- Born: 2 August 1931 Rio de Janeiro, Brazil
- Died: 13 July 2013 (aged 81) Brasília, Brazil
- Education: Federal University of Minas Gerais
- Known for: Studies of ecology and palaeobotany

= Maria Léa Salgado-Labouriau =

Brazilian scientist (1931–2013)

Maria Léa Salgado-Labouriau (2 August 1931 – 13 July 2013) was a Brazilian scientist specialising in palaeobotany whose work in present and past ecology led her to be internationally known in her field. She was an emeritus professor at the University of Brasília (Brazil).

== Biography and scientific career ==
Maria Léa was born on 2 August 1931, in Rio de Janeiro, but grew up and spent a good part of her adult life in Minas Gerais.

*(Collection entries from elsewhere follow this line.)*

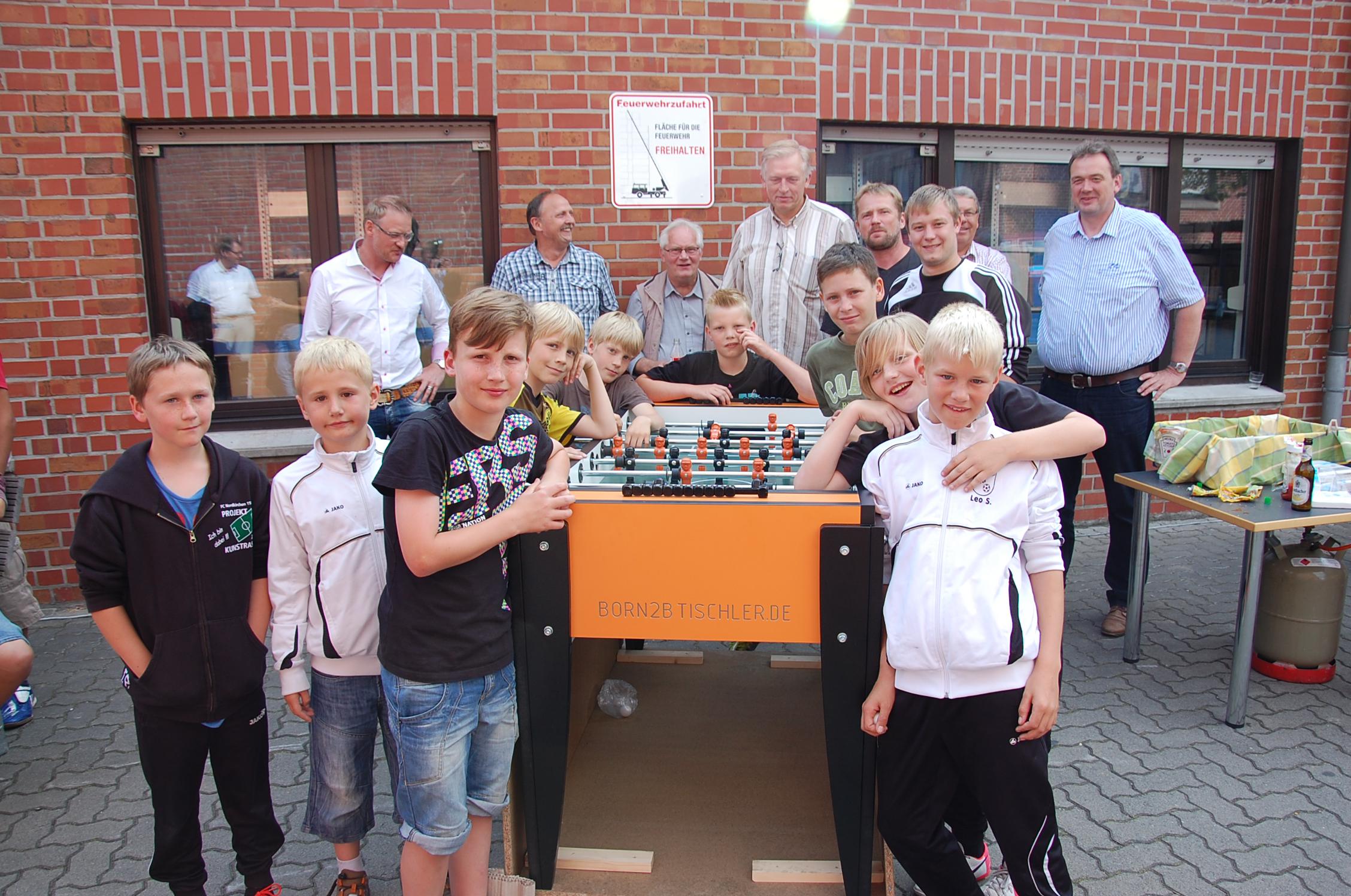 Bei dem dann folgendem Torwandschießen an dem auch die beiden anderen Vereine aus Herbern und Haus-Dülmen teilnahmen, konnte sich der FC Nordkirchen durchsetzen, hier gelangen den Jugendlichen Mathis Scheele und Paul König die Treffer für den FC Nordkirchen,dies hatte sich gelohnt, denn als 1. Preis wurde von der Tischler-Innung Coesfeld ein Tischkicker im Wert von 1.000,- € zur Verfügung gestellt, den die Jugendlichen des FC Nordkirchen für ihr Clubheim mit nach Nordkirchen nehmen durften.
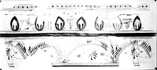 White slip. Decoration in matte orange to red; on the flare, a bead and reel; on the walls, bands, ribbon bows and a basin on a stand.
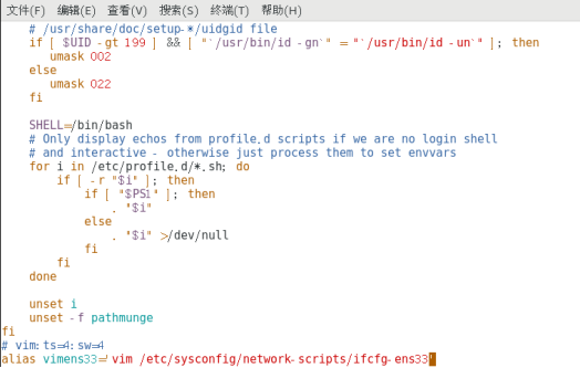 alias vimens33='vim /etc/sysconfig/network-scripts/ifcfg-ens33'
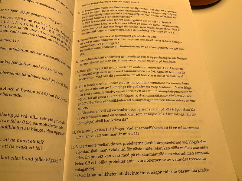 Jag skulle behöva hjälp med fråga 14 då jag inte riktigt förstår hur man ska tänka. Man borde kunna tänka att P(klarar minst en tenta)=1-P(missar alla tentor), men sen förstår jag inte hur man ska fortsätta. Jag har bland annat provat binomialfördelning men det blir inte alls rätt
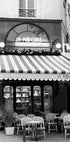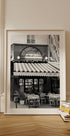 Et charmerende sort-hvidt fotografi af den parisiske café La Marquise, med stribet markise, bistrostole og tidløs gadeatmosfære. Dette print indfanger den franske cafékultur og bringer et autentisk parisisk præg til hjemmet, samtidig med at det vækker romantikken i hverdagslivet i Lysets by.
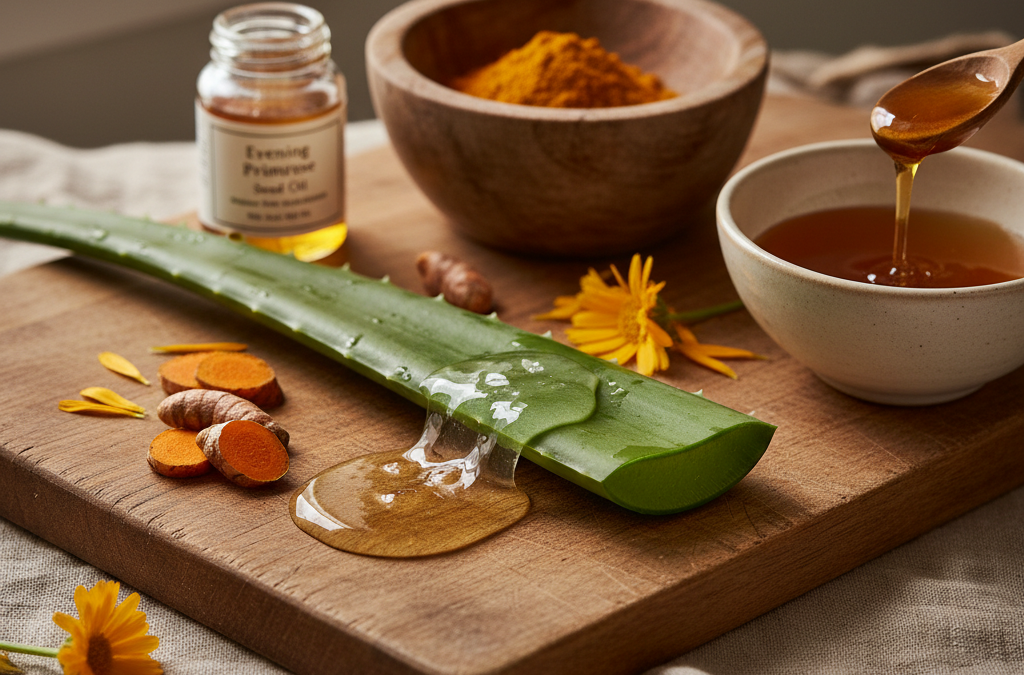- Kurkuma: Działa przeciwzapalnie, zmniejszając czerwone blizny; wymieszaj z miodem dla lepszych efektów.
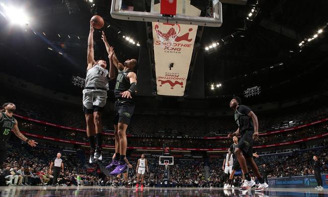 馬刺上一場客場117-130輸給騎士,鵜鶘過去6場遭遇6連敗位列聯(lián)盟墊底,本賽季前兩次交鋒馬刺均取勝。本場馬刺缺少文班亞馬、麥克勞林,鵜鶘缺少錫安、穆雷、普爾。首節(jié)開局雙方纏斗至9-9,馬刺連得4分,鵜鶘連得5分反超,馬刺內(nèi)外開花逐步擴(kuò)大26-20領(lǐng)先優(yōu)勢。阿爾瓦拉多三分命中,馬刺一波9-2攻勢拉開比分,首節(jié)結(jié)束馬刺35-25領(lǐng)先鵜鶘。馬刺25中13超過5成準(zhǔn)星,其中三分8中5超過6成準(zhǔn)星,鵜鶘23中10,其中三分8中2低迷。
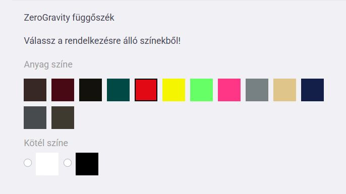 A függőszékek választhatók fekete vagy fehér kötéllel is. A hevederek színe minden esetben fekete.
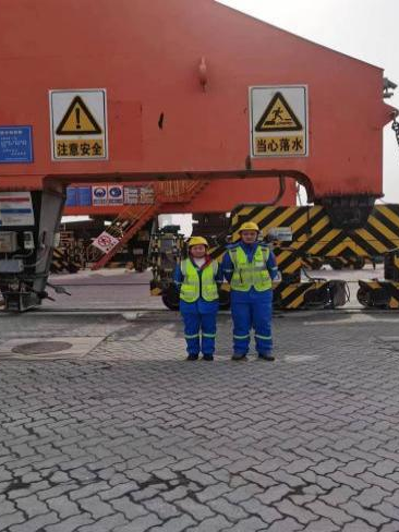 薛干雷和高娟夫妻倆都是濱海港區6#門機同崗不同班次的操作員,兩人分別于2014年、2019年入職于濱海港碼頭一線。曾在碼頭連續工作4年的高娟,門機操作業務嫻熟有致,保暢經驗豐富,是大家遇到業務難題時第一時間想起的“師姐”。而性格溫和的薛干雷在工作上細心嚴謹,處理操作難題穩妥有序,是班組現場保暢工作中的得力助手。他們所轄的門機位于1#碼頭最西邊,是歷年來抓挖高效的關鍵站點。為全力保障濱海港區碼頭吞吐量的有效提升和安全暢通,薛干雷和高娟每年主動放棄節假日休息時間高達20余個工作日,全身心投入到忙碌的生產保暢工作中去,用愛和堅守共同書寫最美的“敬業福”。
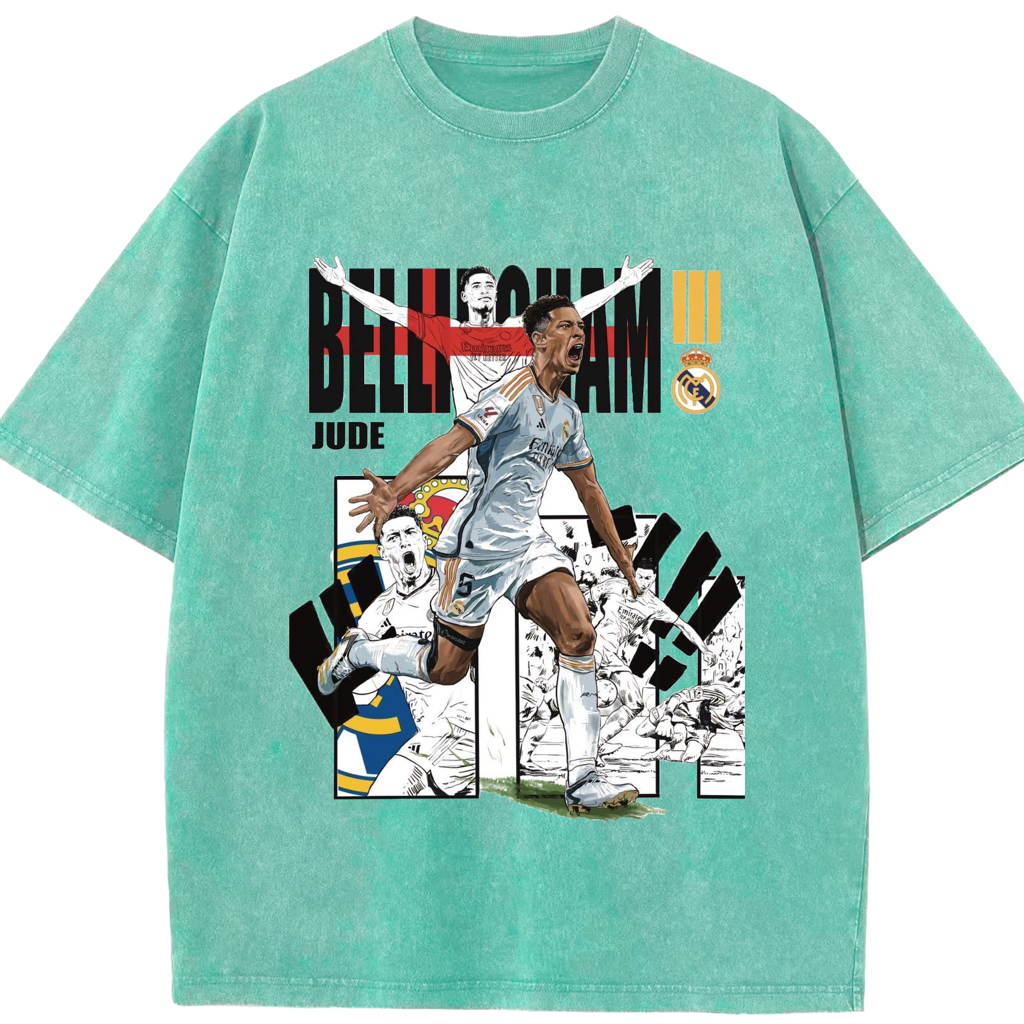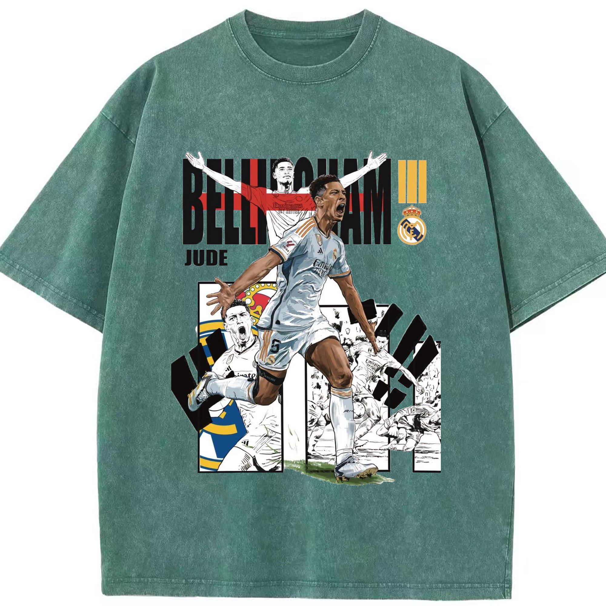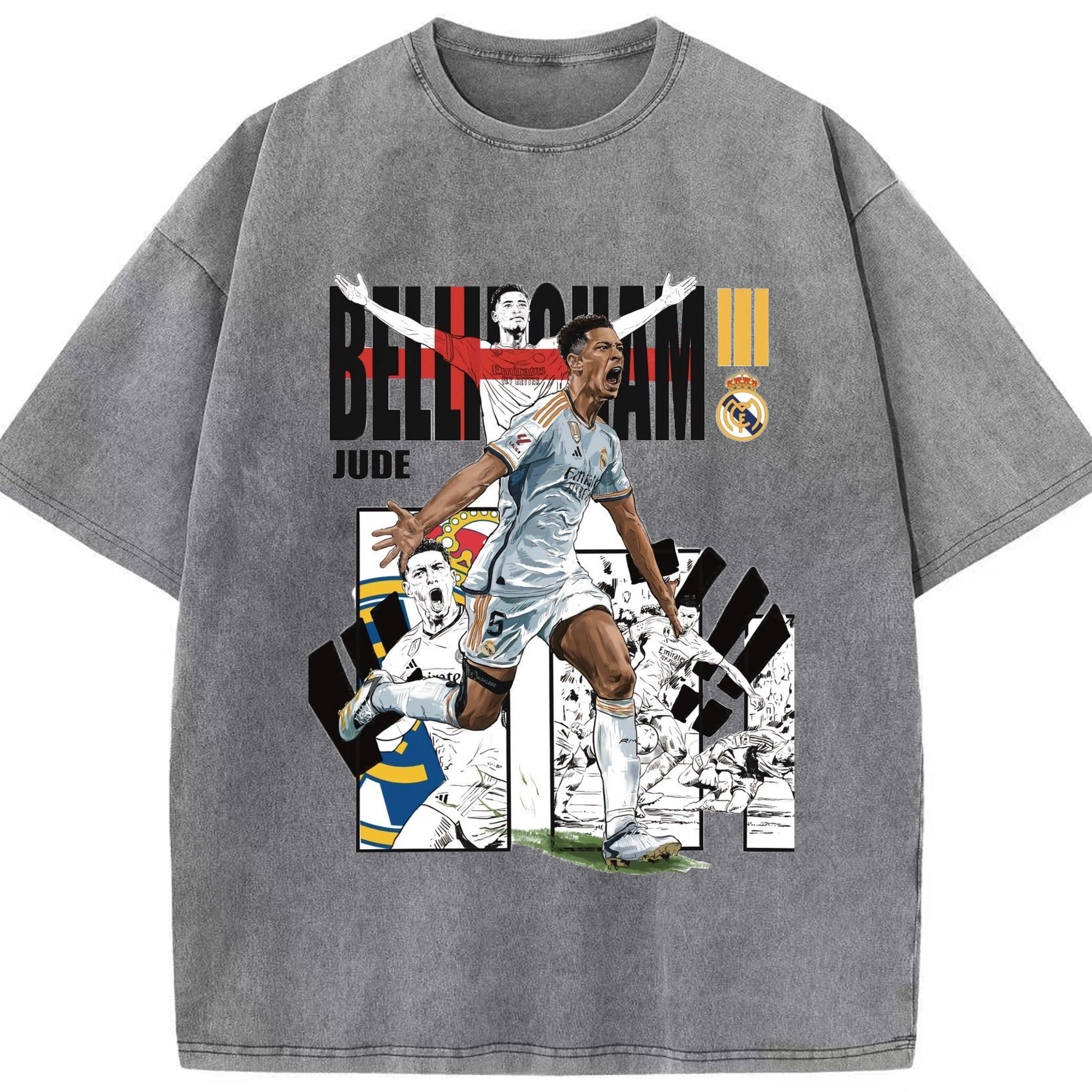 話題の若手スター!ベリンガムプリント - 綿100% ヴィンテージ風 半袖Tシャツ ・ フロントプリント ・ 柔らか肌触り ・ 通気性 快適 ・ スポーツ カジュアル 外出用
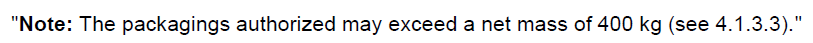 P903(2)条仅适用于单个电池或电池组;同时对于满足P903(2), (4), (5)的锂电池包装,最大净重可以超过400kg。
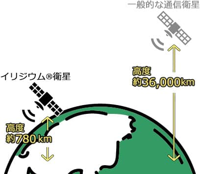 イリジウム®衛星は、高度約780kmと低軌道を周回するため、一般的な通信衛星と比べ、音声遅延の少ない、リアルタイムな通信が可能。イリジウム®の衛星ネットワークにより、北極・南極を含む地球全体をカバーします。

She completed her degree in Natural History at the Federal University of Minas Gerais in 1958, and her PhD in Biological Sciences (Botanics) at the University of São Paulo in 1972. Her research focused on the study of thousands of years old crystallised pollen from plants, spores and microscopic algae found in sediments from the quaternary period in the area of Planalto in the ecoregion of the Cerrado.

In 1974, she joined the Venezuelan Institute for Scientific Research (IVIC), where she worked as a researcher until 1987.

In 1979, she moved to the United States, where she realised her post-doctoral studies in Palynology, Pollen Morphology and Botanics at the Smithsonian Institution. Then, at the University of Minnesota, she studied Environmental Geology, Stratigraphic Palaeontology and Geographic Climatology.

Back in Brazil in 1988, she became a titular professor at the Institute of Geosciences at the University of Brasília, where she worked until her retirement in 1993. She died on 13 July 2013, aged 81, in Brasília

== Contributions and legacy ==
Her main scientific contributions are related to the study of the environment in the high mountains in the Andes range and at the central area of area of Planalto (Cerrado), with insights into climate evolution in the past. She used this knowledge to do more research on the regeneration of the vegetation of the climate. She also played an important role in the education of numerous scientific researchers.

== Memberships and recognitions ==
- Member of the Brazilian Society for Science Progress (in Portuguese, Sociedade Brasileira para o Progresso da Ciência, SBPC).
- Fellow of the John Simon Guggenheim Memorial Foundation.
- Member of the International Association for Aerobiology (IAA).
- Referee of the international scientific journal GRANA.
- Director of the Latin American Centre for Biological Sciences (in Spanish, Centro Latinoamericano de Ciencias Biológicas, UNESCO-CLAB).
- President of the Sub-commission for the Holocene in South America at the International Union for Quaternary Research (INQUA).
- Member of the New York Sciences Academy.
- Jabuti Prize for her book História Ecológica da Terra (Ecologic history of Earth), 2001.

== Relevant publications ==
- Salgado-Labouriau, M. L. Critérios e Técnicas para o Quaternário. São Paulo: Editora Edgard Blücher, 2006.
- Salgado-Labouriau, M. L. História Ecológica da Terra. 2. ed. São Paulo: Editora Edgard Blücher, 2001.
- Salgado-Labouriau, M. L. (Org.) El Medio Ambiente Páramo. 1. ed. Caracas: Ediciones CEA/IVIC/UNESCO, 1979.
- Salgado-Labouriau, M. L. Contribuição à Palinologia dos Cerrados. 1. ed. Rio de Janeiro: Academia Brasil. Ciências, 1973.